══ Records provided ══
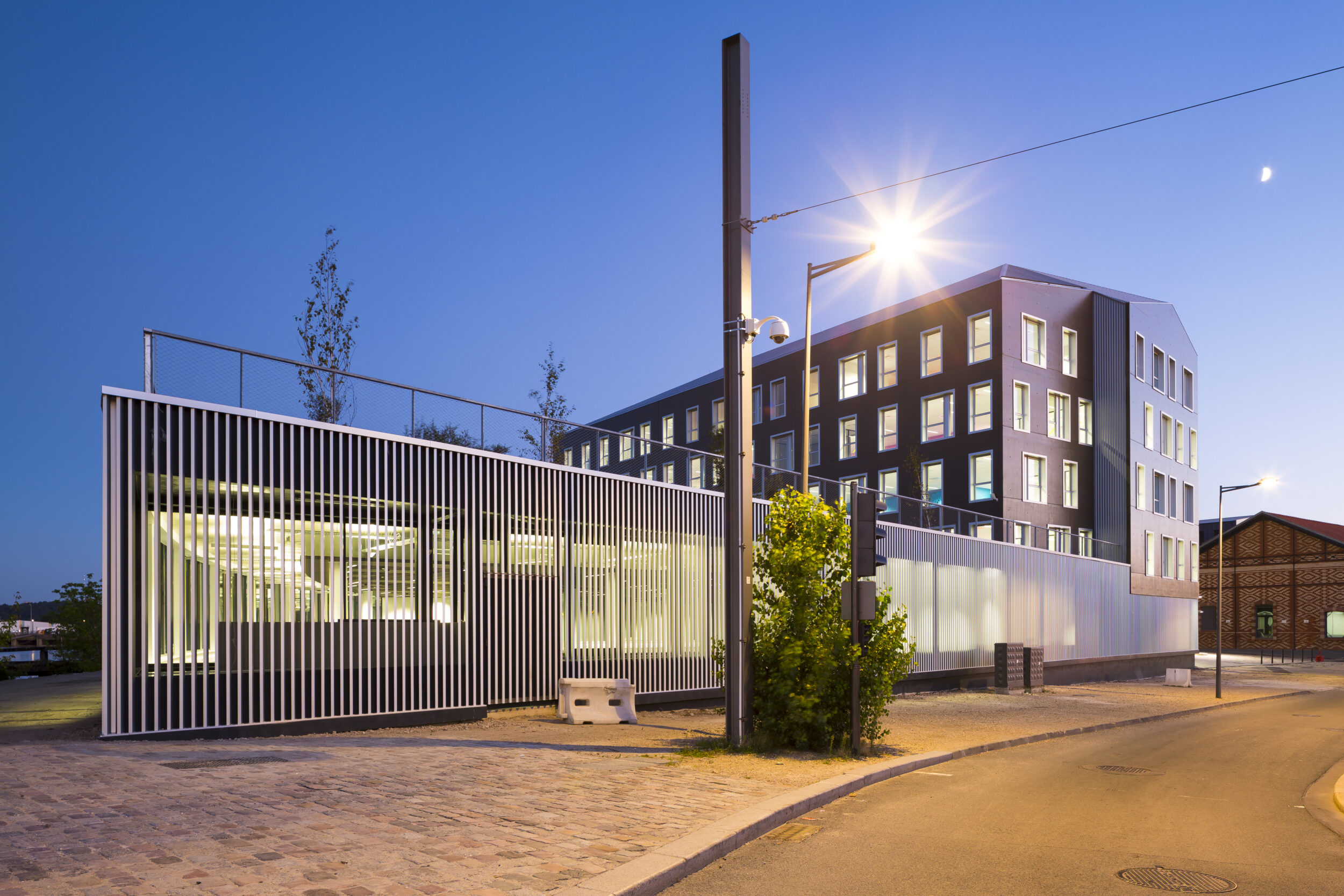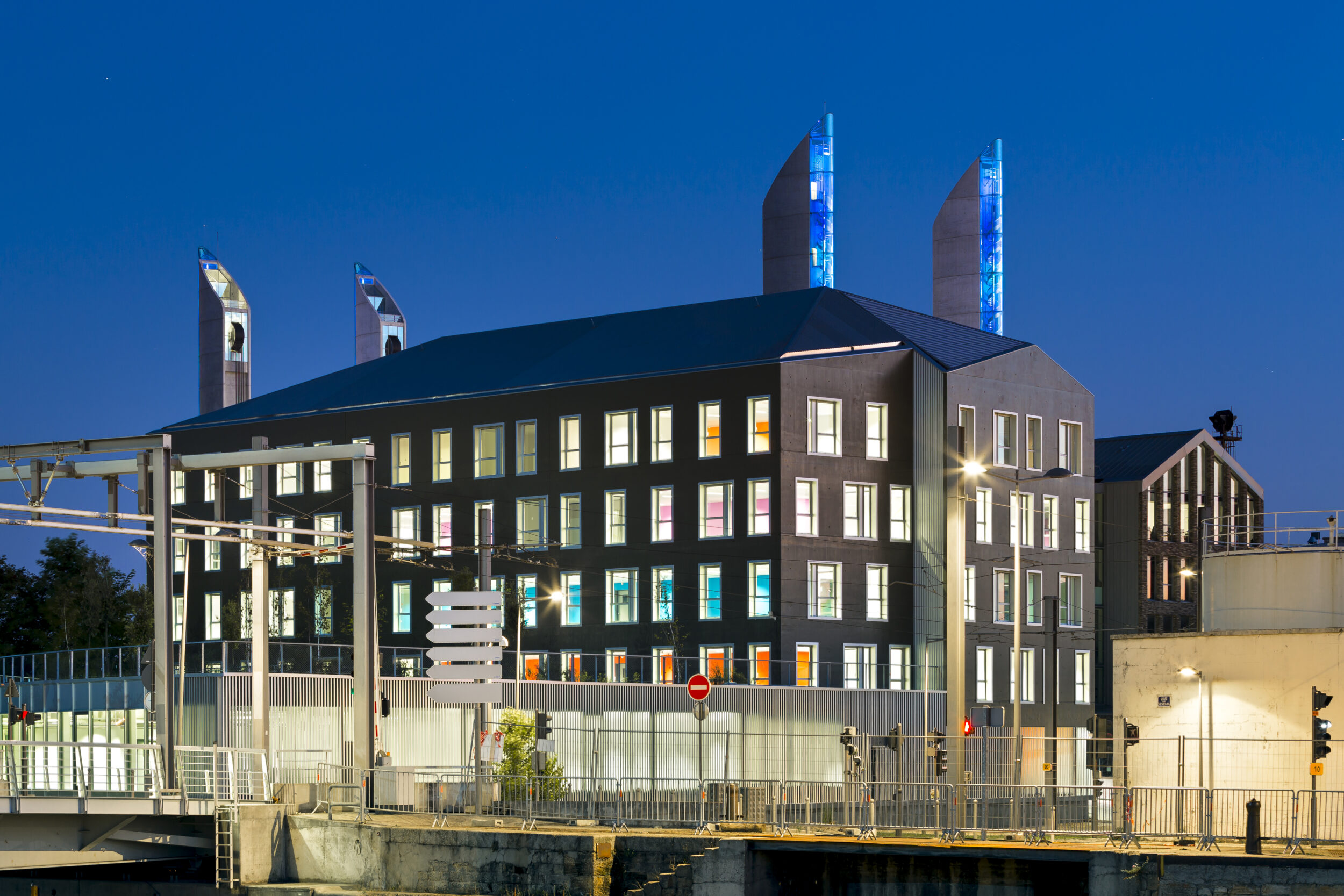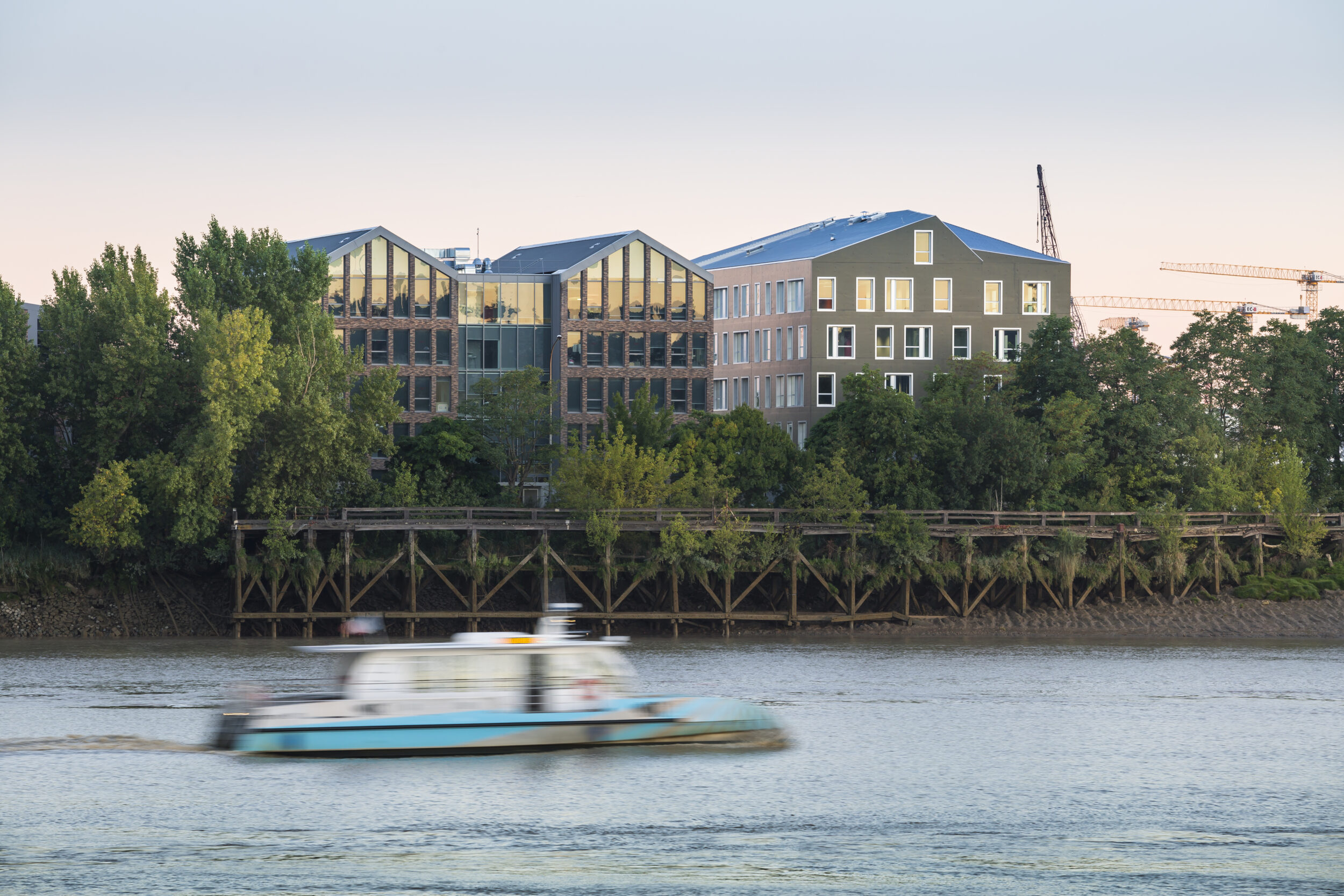 Le rez-de-chaussée du bâtiment tertiaire entièrement vitré épouse le dessin particulier du site. Au dessus de ce volume d’assise, le bâtiment en superstructure s’inspire de la logique portuaire du site et s’étire perpendiculairement aux quais, dans un double parallélépipède aux toitures inclinées, reprenant la morphologie particulière des édifices voisins. A l’intérieur, le grand volume épousant la courbe fluviale, permet de profiter au mieux du paysage du fleuve pour les espaces de plateaux paysagés. Aux étages, l’organisation plus conventionnelle de l’édifice autorise des configurations en plateaux libres ou cloisonnés. Chaque niveau est organisé comme un espace ouvert. Le toit du rez-de-chaussée incurvé est un jardin qui, vu d’en haut, semble se fondre dans le paysage environnant.
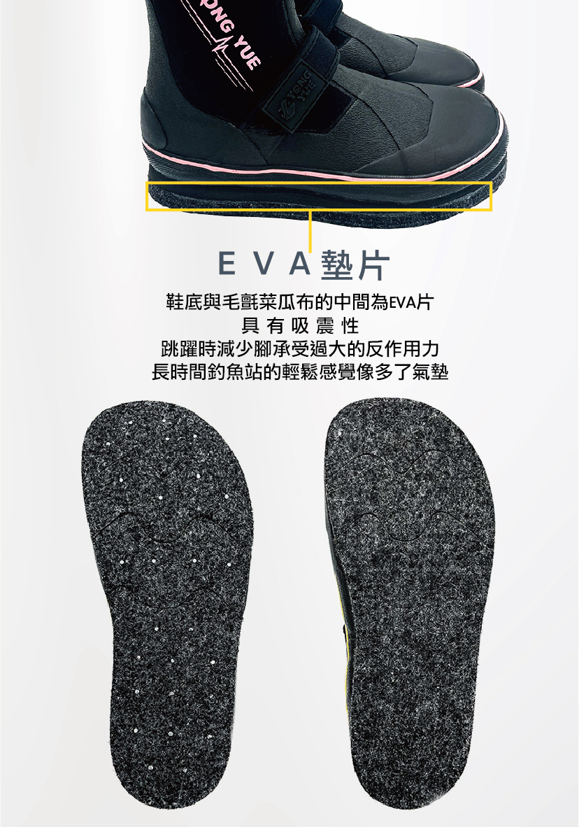 鞋底-日本S牌同等級灰色12mm高密度毛氈菜瓜布底、三段水波紋中割毛氈、56支加強熱處理鎳合釘、全片式EVA墊片耐久性貼合(保護腳掌吸震作用)
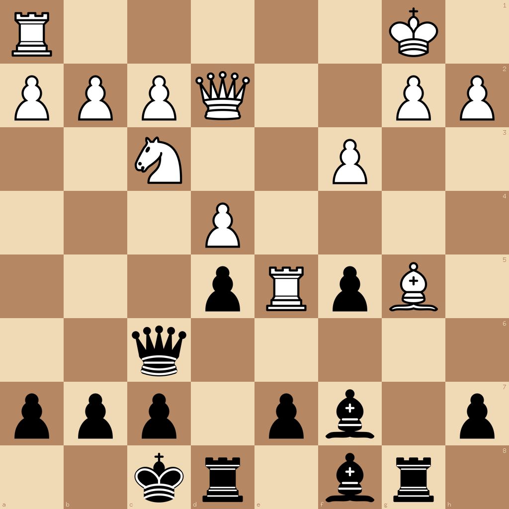 1.e4 g6 2.d4 f5 3.exf5 gxf5 4.Nc3 d5 5.Nf3 Nf6 6.Bd3 Be6 7.O-O Qd6 8.Re1 Ne4 9.Ng5 Bf7 10.f3 Nxg5 11.Bxg5 Rg8 12.Qd2 Nc6 13.Bb5 O-O-O 14.Bxc6 Qxc6
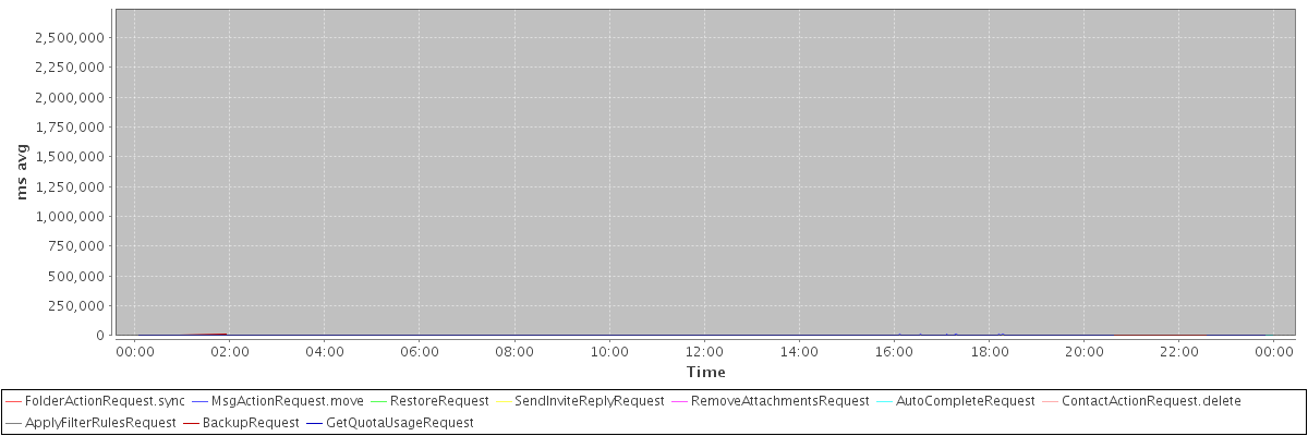 avg(FolderActionRequest.sync) = 646.50 avg(MsgActionRequest.move) = 505.13 avg(RestoreRequest) = 2612367.00 avg(SendInviteReplyRequest) = 386.26 avg(RemoveAttachmentsRequest) = 1136.67 avg(AutoCompleteRequest) = 373.93 avg(ContactActionRequest.delete) = 582.67 avg(ApplyFilterRulesRequest) = 1988.57 avg(BackupRequest) = 7759.00 avg(GetQuotaUsageRequest) = 2321.00
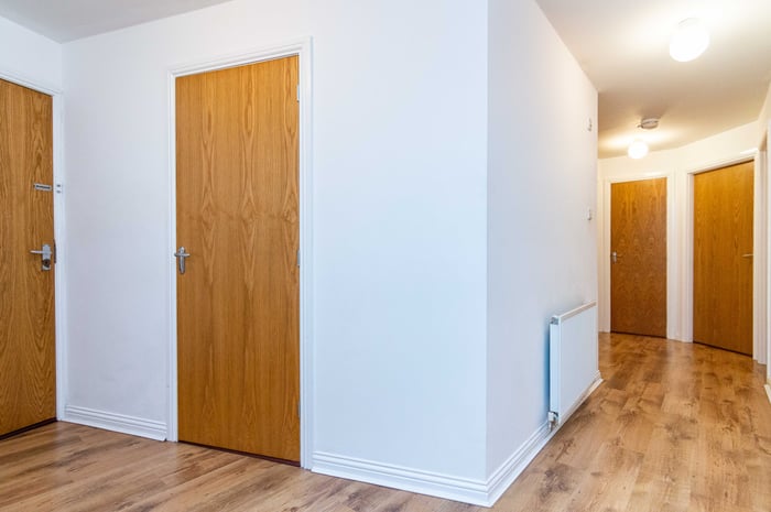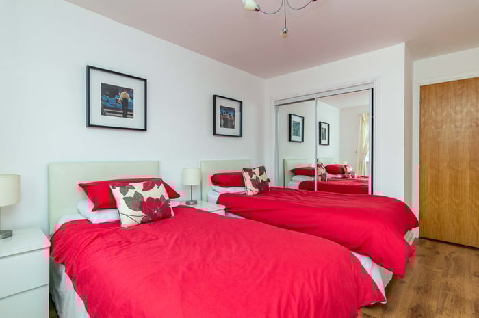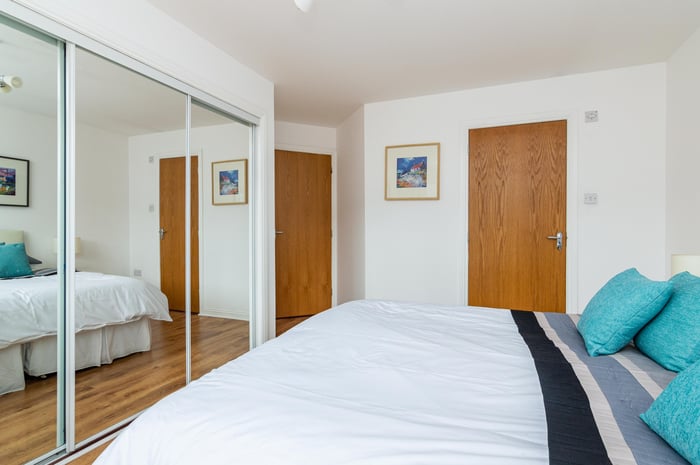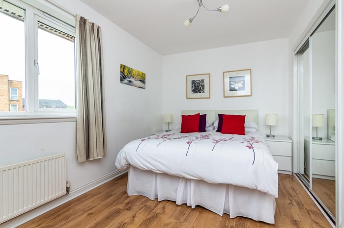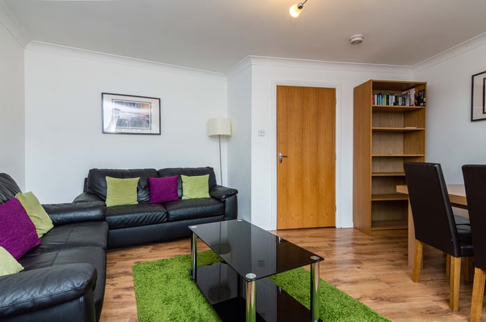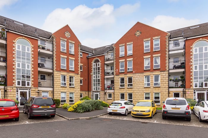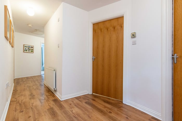 Spacious, bright and well presented, three-bedroom, triple-aspect corner flat on the third (top) floor of a modern, factored apartment block, set in a residential development by Glasgow Green, to the south-east of Glasgow city centre. The entrance hall has laminate flooring, two storage cupboards, a secure entryphone and serves each room within the flat.
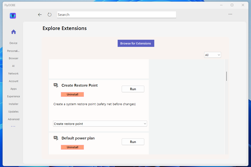 7- Se estiver preocupado em remover inadvertidamente aplicações e recursos importantes do Windows 11, crie um ponto de restauro do sistema como segurança. Clique com o botão direito do rato no ficheiro ‘Flyo.exe’ e seleccione ‘Executar como administrador’. Em seguida, vá a ‘Extensions’ na parte inferior da página inicial do programa; encontre a opção ‘Create Restore Point’ e clique em ‘Run’. O Flyoobe também tem uma extensão para restaurar as aplicações designada ‘Restore all built-in apps’, que reinstala todas as ferramentas que removeu com um único clique. Outra extensão remove totalmente o OneDrive para impedir que este seja executado e sincronizado em segundo plano.
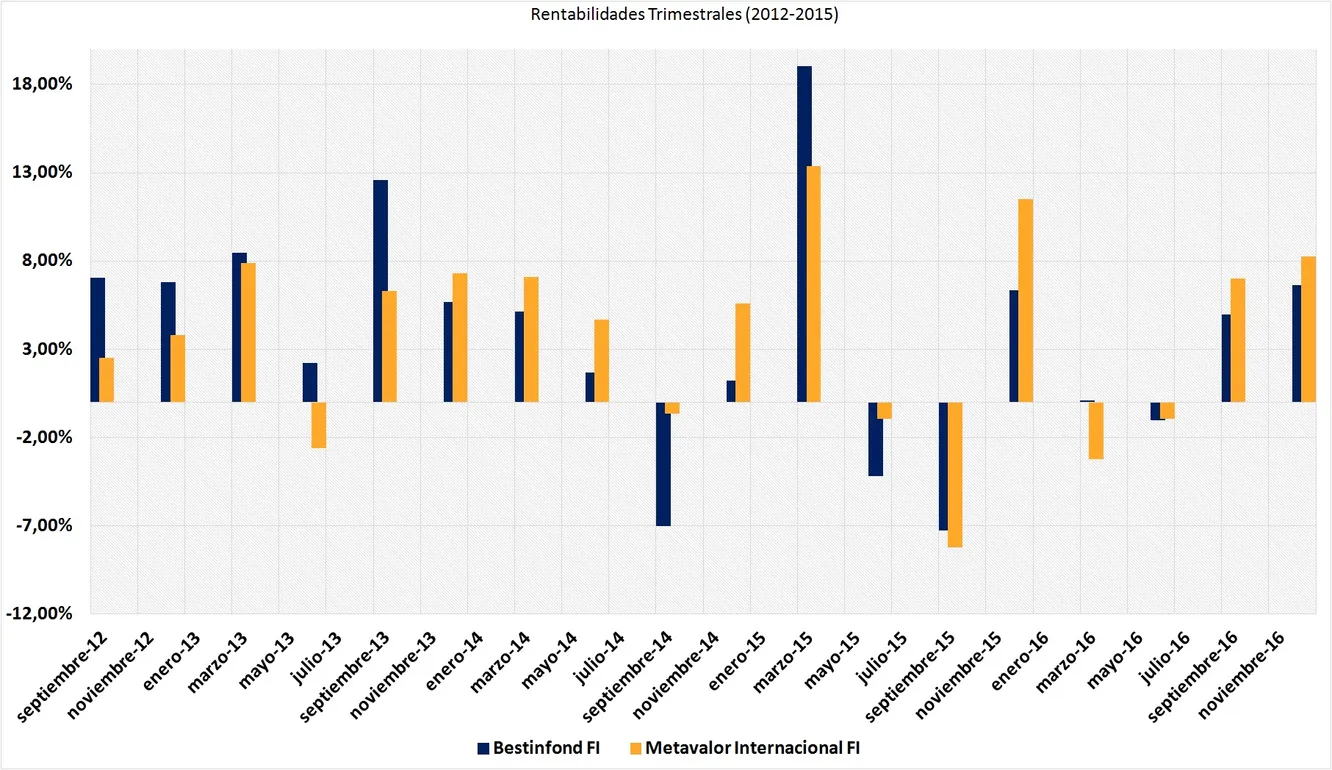 Si agrupamos las rentabilidades en trimestres, podemos observar como de los últimos 18 trimestres Metavalor Internacional FI ha mejorado la rentabilidad del Bestinfond FI en 10 trimestres.
═══
- [Problem]
The answer must be the lines above, word for word, from the first one through the line with "1.e4 g6 2.d4", pictures excluded.

- [Expected answer]
 Le rez-de-chaussée du bâtiment tertiaire entièrement vitré épouse le dessin particulier du site. Au dessus de ce volume d’assise, le bâtiment en superstructure s’inspire de la logique portuaire du site et s’étire perpendiculairement aux quais, dans un double parallélépipède aux toitures inclinées, reprenant la morphologie particulière des édifices voisins. A l’intérieur, le grand volume épousant la courbe fluviale, permet de profiter au mieux du paysage du fleuve pour les espaces de plateaux paysagés. Aux étages, l’organisation plus conventionnelle de l’édifice autorise des configurations en plateaux libres ou cloisonnés. Chaque niveau est organisé comme un espace ouvert. Le toit du rez-de-chaussée incurvé est un jardin qui, vu d’en haut, semble se fondre dans le paysage environnant.
 鞋底-日本S牌同等級灰色12mm高密度毛氈菜瓜布底、三段水波紋中割毛氈、56支加強熱處理鎳合釘、全片式EVA墊片耐久性貼合(保護腳掌吸震作用)
 1.e4 g6 2.d4 f5 3.exf5 gxf5 4.Nc3 d5 5.Nf3 Nf6 6.Bd3 Be6 7.O-O Qd6 8.Re1 Ne4 9.Ng5 Bf7 10.f3 Nxg5 11.Bxg5 Rg8 12.Qd2 Nc6 13.Bb5 O-O-O 14.Bxc6 Qxc6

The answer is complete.